Sangeeta Gupta 1,, Arun Prasad 2
Editors: Alexander Muacevic, John R Adler
PMCID: PMC12400004  PMID: 40900979

Abstract

Background

P300 event-related potential (ERP) has been used to assess differences in modes of information processing and cognitive skill from childhood through adulthood. However, research on the development of the visual P300 is relatively sparse, with several discrepant findings. In this study, we aimed to evaluate the conventional parameters of visual ERPs and their relationship with mean response time in children and adolescents.

Methods

We conducted the study on 60 subjects in the age group of 5-18 years. P300 latency and N2-P3 amplitude were recorded by the visual oddball paradigm, and the age group comparisons were performed by one-way analysis of variance (ANOVA). Mean response time was calculated, and the correlation with P300 latency and amplitude was obtained by Pearson’s correlation coefficient (r). Statistical significance was set as p<0.05.

Results

We found a decrease in the mean P300 latency and an increase in N2-P3 amplitudes with age, with statistical significance (p<0.001) (one-way ANOVA). Changes were significantly pronounced until the ages of 8-11 years. P300 latency did not vary with significant correlation with the mean response time (r=0.1689, r²=0.029, p=0.19). N2-P3 amplitude showed a statistically significant moderate negative correlation with the mean response time (r=−0.59, r²=0.35, p<0.001) (Pearson correlation analysis).

Conclusion

In children and adolescents, age has a distinctive pattern of impact on visual P300 amplitude and latency. ERP data should be interpreted with careful consideration in children, and reference values should be used. Association of faster mean response time with larger amplitude found in the study raises the possibility that response speeds correspond to executive control efficiency.

Keywords: adolescents, age, amplitude, children, event-related potential, latency, p300, visual

Introduction

In the field of cognitive neuroscience, event-related potentials (ERPs) are a vital research approach.
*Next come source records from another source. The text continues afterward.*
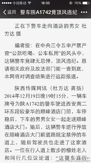 【警車陜A1742竟頂風(fēng)違紀(jì)】2014年12月19日晚19時(shí)15分,一輛車牌號(hào)為陜A1742的警車駛進(jìn)西安南二環(huán)東段較豪華的順?lè)寰频觊T前,車停穩(wěn)后,下車的男男女女一起走進(jìn)順?lè)寰频甏箝T。隨后,這輛警車逆行停放在順?lè)寰频甏箝T前道路規(guī)定禁停的車道上,隨后駕駛員也走進(jìn)了這家酒店。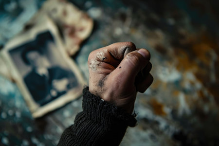A clenched fist gripping a torn photo, symbolizing the frustration and anger resulting from a perceived betrayal
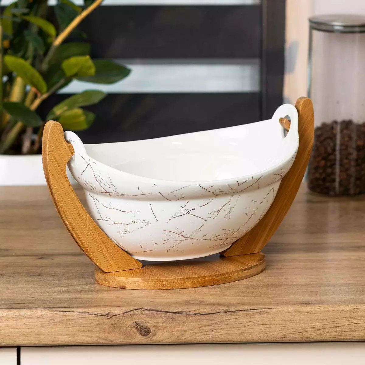 Оригінальна бамбукова підставка додає фруктовниці природної теплоти та забезпечує її стабільність. Бамбук, як екологічно чистий матеріал, підкреслює природну красу виробу та додає нотку сучасності. Завдяки своєму дизайну, фруктовниця зручно підходить для зберігання та подачі різноманітних фруктів, створюючи затишну атмосферу на вашому столі.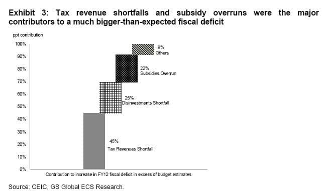 From the original target of 4.6 percent, the central government’s fiscal deficit is expected to balloon to almost 5.6 percent in the financial year ending March 2012. According to Goldman Sachs, 45 percent of the increase in the fiscal deficit can be explained by tax revenue shortfalls, while another 22 percent was caused by unbudgeted subsidy increases (see chart below).

ERPs consist of a series of positive and negative waves in response to a task-relevant stimulus. Researchers have described P3 or P300 as the third major positive peak, a late positive component, generated in response to infrequently attended, task-relevant stimuli of the auditory, visual, or somatic modalities [1,2]. Researchers have suggested that various specific psychological constructs, including stimulus discrimination, directed attention, sequential information processing, and short-term memory, are associated with P300 response [2,3].
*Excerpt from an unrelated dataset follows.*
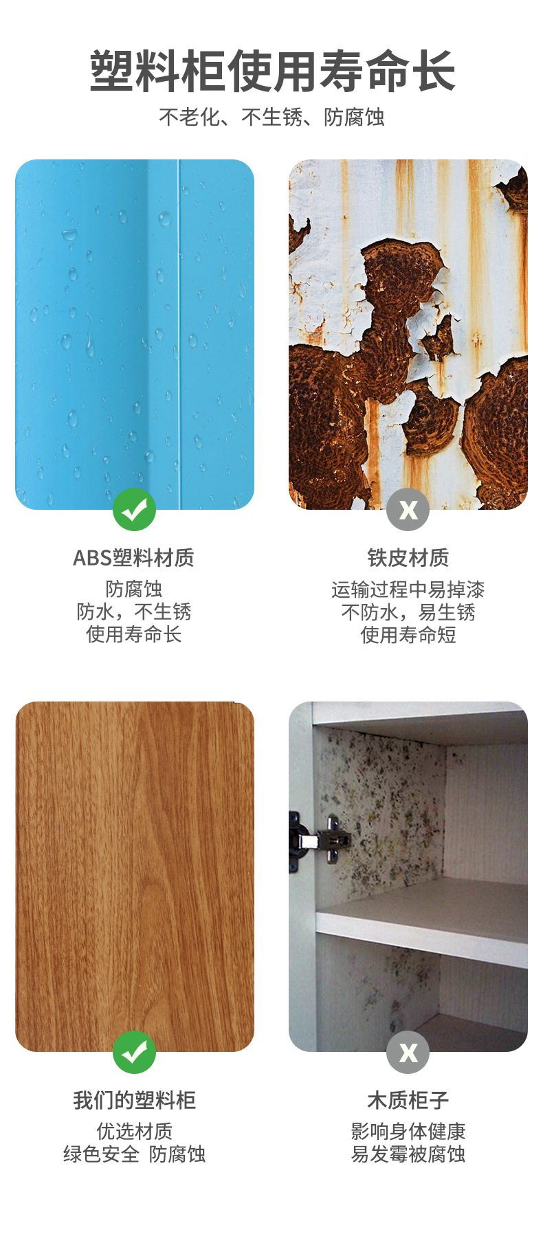 ABS塑料具有优良的综合性能,无毒无味、耐高温、耐腐蚀、电性能、耐磨性、抗化学药品性、染色性,成型加工和机械加工较好。ABS耐水、无机盐、碱和酸类,不溶于大部分醇类和烃类溶剂。ABS塑胶更衣柜,特别适合各类游泳馆、桑拿浴室、煤矿铁矿、地下室、学校工厂等场所。

The most prototypical experimental approach for cognitive and attention measurement in ERP research is the ‘oddball’ paradigm, which consists of a repetitive presentation of a standard stimulus with a randomly interspersed rare deviant stimulus. The deviant and standard stimuli differ in certain physical features. Subjects discriminate between two stimuli through behavioural tasks, such as pressing a button in response to deviants or silently counting the number of deviants (active paradigm), or they are instructed to perform another task (passive mode) [4]. In the auditory modality, the target or deviant stimuli differ from standard or non-target stimuli in one auditory attribute, e.g. frequency. In the visual modality, the target stimuli can differ in certain physical features (such as colour or shape). However, researchers have not evaluated the visual modality as extensively as they have evaluated auditory stimuli for ERP assessments.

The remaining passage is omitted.